A quick question that has been bugging me lately. Does Haskell perform all the equivalence test in a function that returns a boolean, even if one returns a false value?
For example
f a b = ((a+b) == 2) && ((a*b) == 2)
If the first test returns false, will it perform the second test after the &&? Or is Haskell lazy enough to not do it and move on?
On
Like Martin said, languages with lazy evaluation never evaluate anything that's value is not immediately needed. In a lazy language like Haskell, you get short circuiting for free. In most languages, the || and && and similar operators must be built specially into the language in order for them to short circuit evaluation. However, in Haskell, lazy evaluation makes this unnecessary. You could define a function that short circuits yourself even:
scircuit fb sb = if fb then fb else sb
This function will behave just like the logical 'or' operator.

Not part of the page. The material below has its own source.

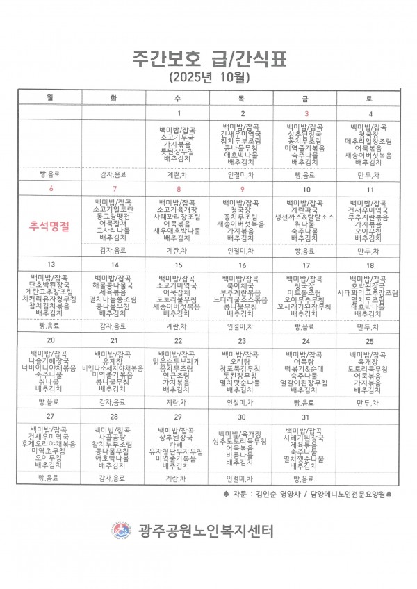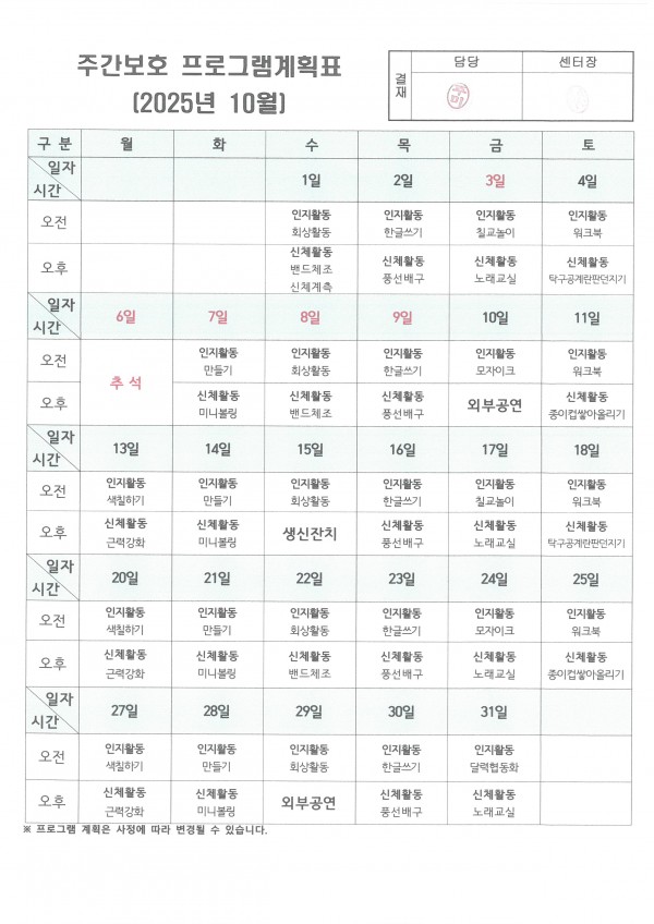 2025년 10월 프로그램계획표와 급.간식표입니다

Here is how || is defined in Haskell:
True || _ = True
False || x = x
So, to give you the specific answer to your question, no. If the left hand side of the || is true, the right hand side is never evaluated. You can put two and two together for the other operators that 'short circuit'.
On
A simple test to "prove" that Haskell DO have short circuit, as Caleb said.

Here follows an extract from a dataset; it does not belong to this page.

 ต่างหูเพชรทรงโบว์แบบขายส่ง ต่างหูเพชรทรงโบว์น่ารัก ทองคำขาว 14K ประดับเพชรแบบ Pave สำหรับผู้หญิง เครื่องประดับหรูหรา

If you try to run summation on an infinite list, you will get stack overflow:
Prelude> foldr (+) 0 $ repeat 0
*** Exception: stack overflow
But if you run e.g. (||) (logical OR) on in infinite list, you will get a result, soon, because of short circuiting:
Prelude> foldr (||) False $ repeat True
True
Should be short circuited just like other languages. It's defined like this in the Prelude:
So if the first parameter is False the 2nd never needs to be evaluated.